See pipelining_error.py for a runnable example showing warnings and errors.

22.2.4. Pipeline Cursor Usage

For each operation added to a pipeline, with the exception of Pipeline.add_commit(), a cursor will be opened when AsyncConnection.run_pipeline() is called. For example, the following code will open two cursors:

pipeline = oracledb.create_pipeline()
pipeline.add_execute("insert into t1 (c1) values (1234)")
pipeline.add_fetchone("select user from dual")

await connection.run_pipeline(pipeline)

Make sure your pipeline length does not exceed your cursor limit. Set the database parameter open_cursors appropriately.

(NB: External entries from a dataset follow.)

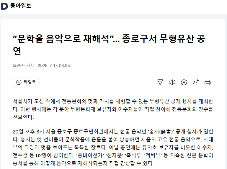 [동아일보] “문학을 음악으로 재해석”… 종로구서 무형유산 공연 페이지 정보 작성자 서울무형유산교육전시장 작성일25-07-17 18:17 조회1,608회 댓글0건 관련링크 이전글 다음글 목록 본문 ※ 자세한 내용은 아래 링크를 통해 확인 바랍니다.기사보러가기 : https://v.daum.net/v/20250717030540813 댓글목록 등록된 댓글이 없습니다. 이전글 다음글 목록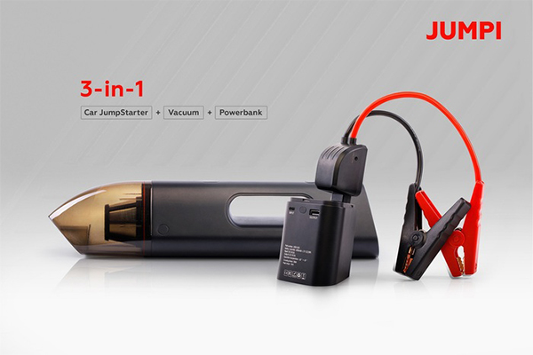Does your car ever get dirty? Ever go on road trips? Ever have a dead battery? Meet Jumpi: the 3-in-1 Car Jumpstarter, Vacuum & Powerbank. Jumpi is a multi-functional car companion that allows you to be ready for anything that the road throws your way. It’s small and lightweight (less than 2 pounds) and doesn’t take up much space; but is an absolute life-saver when an emergency strikes. Dead car battery? No problem. With Jumpi, you’ll have the power to safely jump your battery in seconds – without another car. Made a mess in your car? No problem. Jumpi’s powerful vacuum will make cleaning up a breeze. Need to charge your laptop? No problem. Jumpi’s built-in power bank can take care of that! Here’s why you should keep Jumpi it in your car: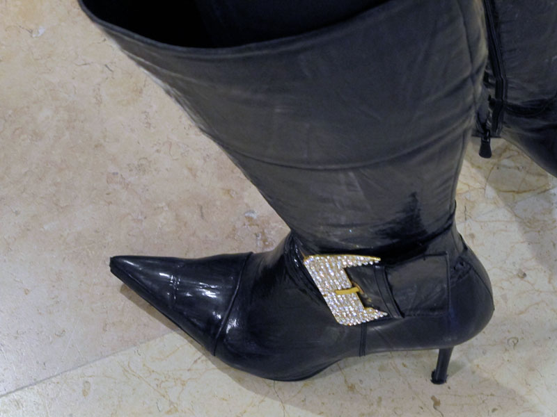 …and couldn’t resist getting a shot of this woman’s boots waiting in line to get on the plane in front of me. Definitely back in civilization. They kind of reminded me of the wicked witch of the west’s shoes when the house fell on her and the toes of her boots curled up. Hell would freeze over before I would wear these…well, maybe on Halloween.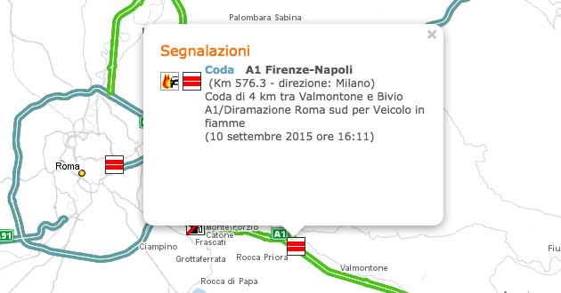 La segnalazione è giunta a partire dalle ore 15:20 ed il tratto di autostrada interessato è quello compreso tra Valmontone e la diramazione Roma-Sud in direzione nord, esattamente al Km. 576,3.

22.2.5. Pipeline Round-trips

The complete set of operations in a pipeline will be performed in a single round-trip when AsyncConnection.run_pipeline() is called, with the following exceptions:

Queries that contain LOBs require an additional round-trip
Queries that contain DbObject values may require multiple round-trips
Queries with add_fetchall() may require multiple round-trips

The reduction in round-trips is the significant contributor to pipelining’s performance improvement in comparison to explicitly executing the equivalent SQL statements individually. With high-speed networks there may be little performance benefit to using pipelining, however the database and network efficiencies can help overall system scalability.

Note that the traditional method of monitoring round-trips by taking snapshots of the V$SESSTAT view is not accurate for pipelines.